Federal securities regulators proposed new rules Wednesday that would require investment advisors to publicly disclose more information about their methods and possible conflicts of interest.
U.S. investors, who have entrusted more than $18 trillion to advisors, would in turn be able to obtain information via the Internet about advisors' fees and any past disciplinary actions.
"The objective here is not just more disclosure, but better disclosure," Securities and Exchange Commission Chairman Arthur Levitt said at a public SEC meeting.
Under the plan put out for public comment by the SEC, advisors would be required to file their registration forms online in a reader-friendly format that included information about how they operate and possible conflicts of interest.
Advisors would have to disclose when they sell securities that they are advising others to invest in, when they use a brokerage firm to obtain benefits such as research, and how they vote client proxies in shareholder votes.

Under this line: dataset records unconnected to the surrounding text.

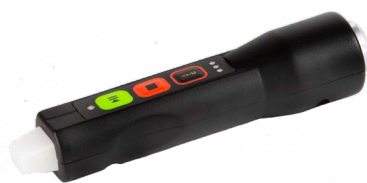
Pencil Probe - Straight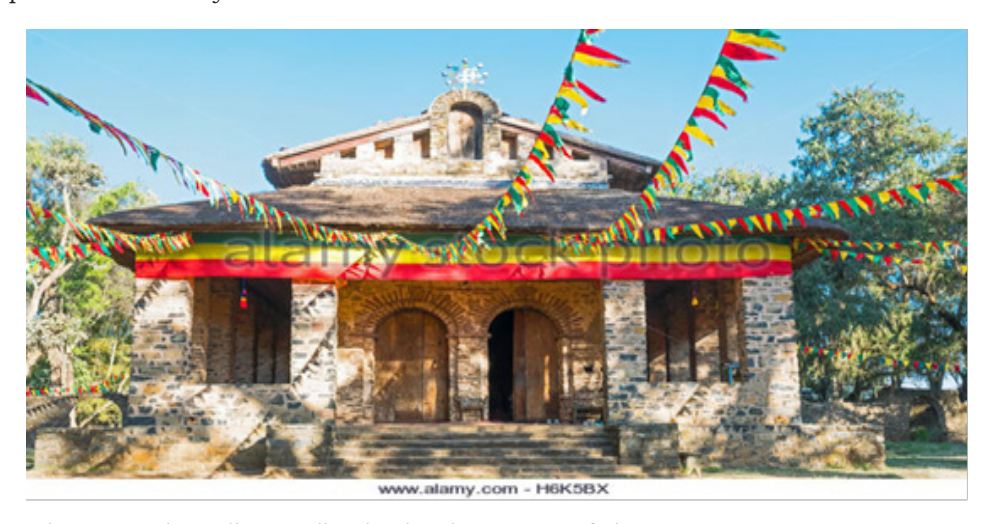
Figure 2: Debre Brihane Sellassie Church

Durkheim (1912/1995) defined religion as a system of practical belief that unites people who adhere to it through (Weber (1920/1963: 29). The Gondarian royal enclosure was a center for the churches that was built to unite and congregate people. With the expansion of the city boundary, the churches were also built in relatively far places to the city center near the palace. Among the forty four churches, some were engulfed by the physical expansion of the city.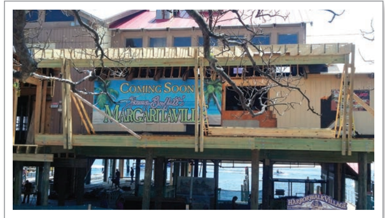
Margaritaville in Destin, Florida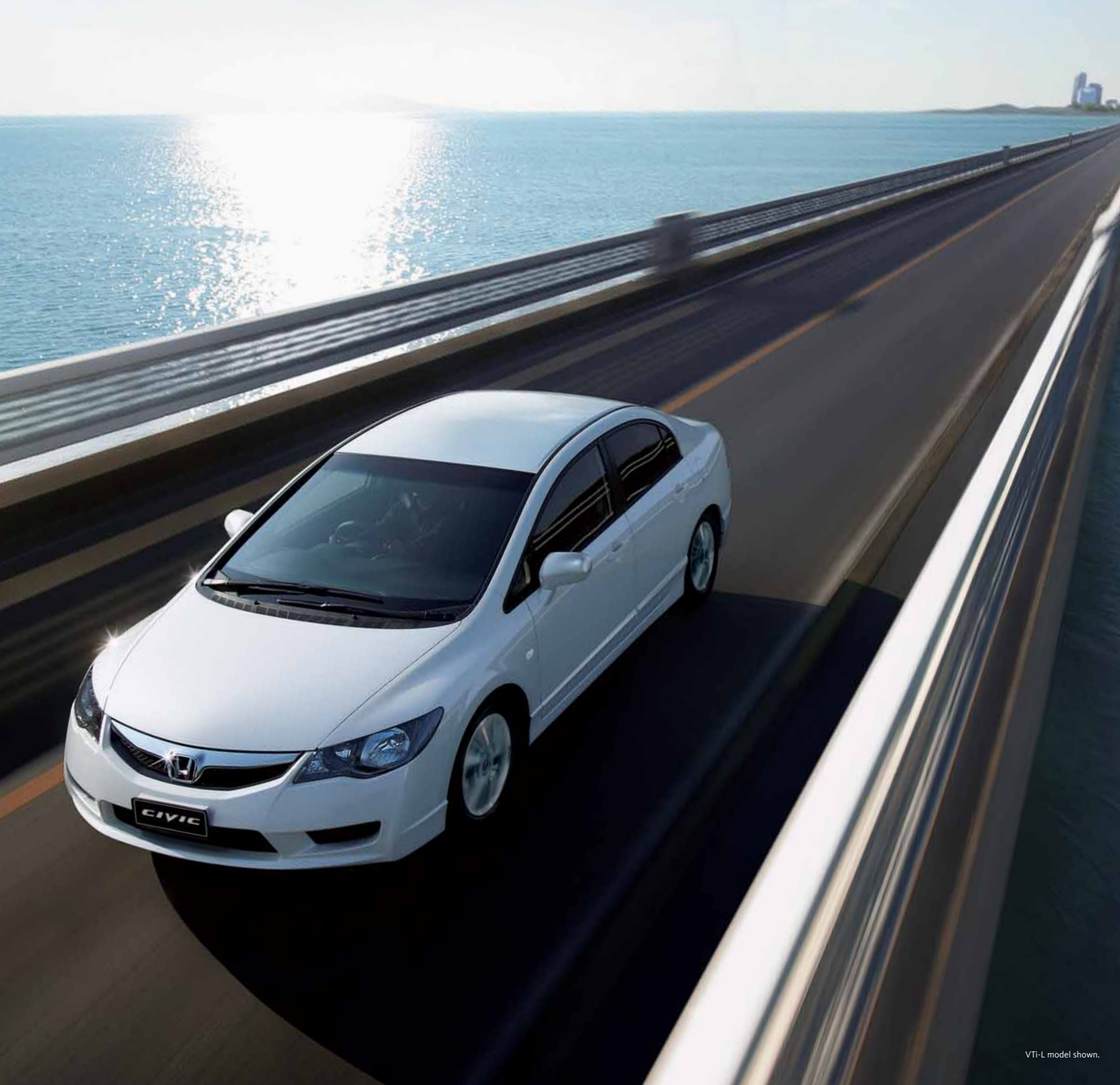
VTi-L model shown.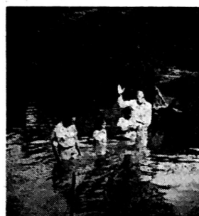
Brother Hallum baptizes the wife second.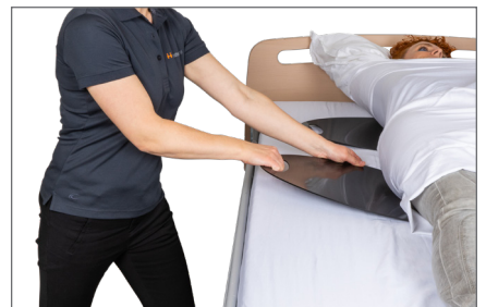
18. To remove the plates helper B pulls/stabilizes the drawsheet while helper A pulls out the Master Glide Thor from under the user.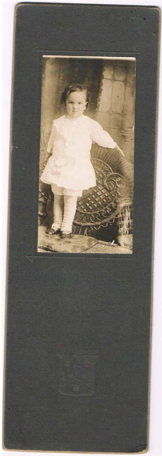
Figure 26 - Unnamed 12: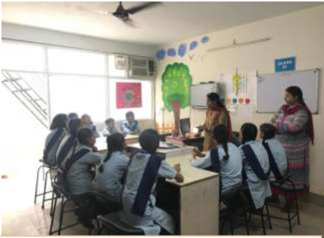
Workshop for student of Noida Deaf Society Primary School on adolescent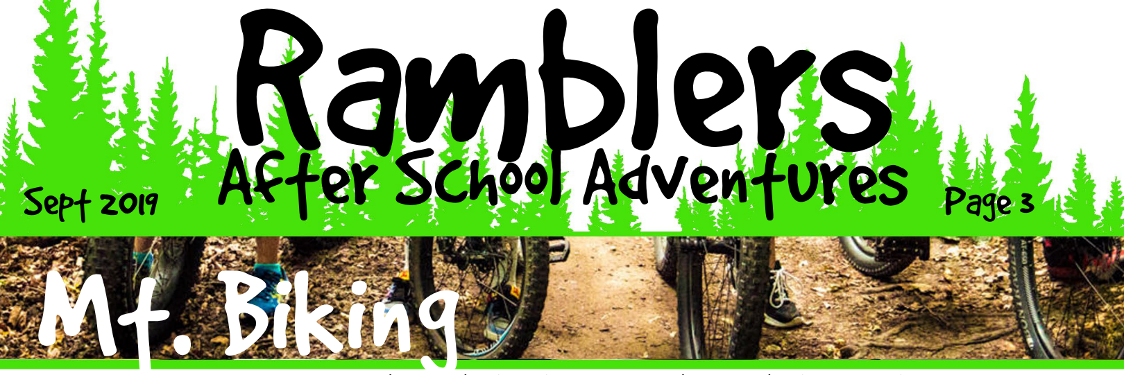
RES, WCS, and HCS Fridays 9/6 and 9/13 (intro) and Fridays 9/20 and 9/27 ("Extreme") 3:00 - 6:00

Krysy Stecklar and Marcus (aka Mario) Wadlington will be ripping through the mountains with your kids on extreme (and not so extreme) adventures. The first two sessions of the month will be designed around getting kids new to mountain biking comfortable riding in the woods, over rocks and roots, and over some easier bridges. All kids will need to be comfortable on a bike to participate in this session.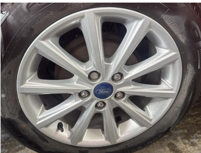
13: Wheel osr Scratched Up To 50mm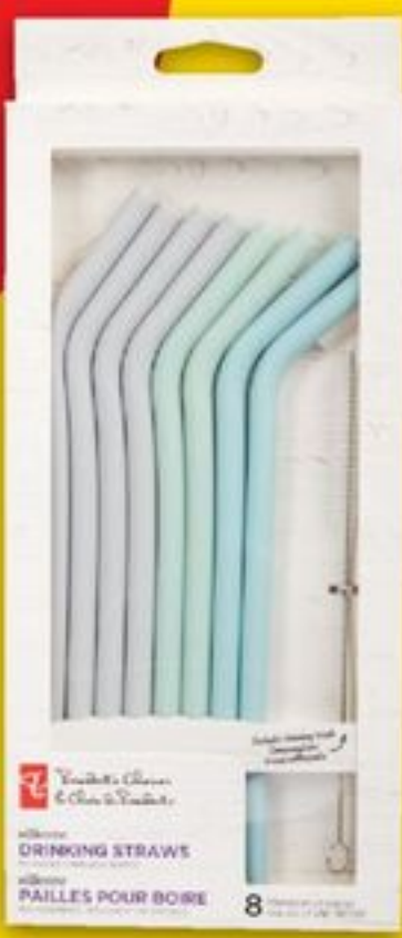
PC® SILICONE DRINKING STRAWS WITH BRUSH 21186435_EA

As part of the shift to an online database, the SEC also proposed requiring advisors to give clients brochures that are written in plain English and provide all the required information in a more narrative form.
The new brochures "should lead to better, more meaningful disclosure to clients," Levitt said.
The online registration process, being developed by the regulatory arm of the National Assn. of Securities Dealers Inc. for the SEC and state securities regulators, is expected to begin accepting electronic filings in October or November satisfying both state and federal registration requirements.
"An advisor will be able to file its Form ADV with us, send notice filings to the states, and pay the state fees, all with a click of the mouse on a desktop computer," said Paul Roye, head of the SEC's Investment Management Division.
If all goes according to plan, the Web site would go live to the public sometime early next year, the SEC said.
However, an Internet domain name has not yet been determined for the database, which will be named the Investment Advisor Registration Depository.
The system would be available to the public for free, financed by annual fees paid by the advisors. The specific fee structure has not been set, but Roye said the likely fee range for advisors would be $200 to $400 a year.
The five SEC commissioners unanimously agreed to put the proposals out for public comment and set a 60-day deadline for interested parties to comment on the proposals.